History lessons
Barb Sweet writes for The Telegram today on a report on the future of the Colonial Building, a report which The Most Open And Accountable Government In The Galaxy has yet to release to the public. (TMOAAGITG now has 30 days or fewer in which to do so, or else risk breaking a solemn 2003 campaign promise, again.)
According to Sweet's account, there are lots of interesting suggestions on how to turn the Colonial Building into
Another display would allow visitors to vote for or against Newfoundland’s independence, as if they were back in the day.A low-tech version of the VOCM Question of the Day, in other words. Wonder how the upper floors of Confederation Building will engineer the stacking of that "tally"?
“People would be presented with arguments pro and con and asked to vote. They would drop tokens into clear plastic tubes so that all could see the tally,” the report states.
And, in the interests of historical accuracy, instead of a plastic-tube simulation of the 1948 referendum, it ought to be a plastic-tube simulation of the Confederation Election of 1869, complete with a big, stern notice: Labrador Residents Do Not Have The Right To Vote.
Sweet's article concludes with a final quote from the unreleased report, the report which the province, according to the 2003 PC election campaign platform, has 30 days or less to release to the public on the internets:
“No other province in Canada has a former legislature building that provides this sort of opportunity. No other place in the province is so central to Newfoundland and Labrador’s political heritage and identity,” the report says.That might well be because no other province in Canada has an extant former legislature building.
2 Comments:
This may be splitting hairs, but isn't there a kick-ass former legislature in Kingston?
Well, lookie what I found today on the ol' church-basement rounds.
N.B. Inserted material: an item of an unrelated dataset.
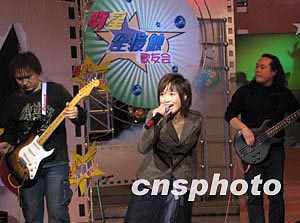 2月13日下午,亞洲搖滾新天后斯琴格日樂在山西太原電視臺“明星全接觸”舞臺上高歌。作者:張云

A history of Kingston!
City Hall was built in expectation that the Province of Canada would rent office space (the capital had been moved to Kingston in 1841), but it didn't. The legislature itself met in an underused hospital building which was renovated for that purpose. The complaints about that building were one factor (among many) in the capital being moved to Montreal in 1844.
Hairs split! Unless there's another defunct legislature around, the comment stands.
And, oh yeah - The story about Confederation Building being modelled on the Louisiana State Legislature? Entirely plausible, especially since it also replaced an existing, historic, building.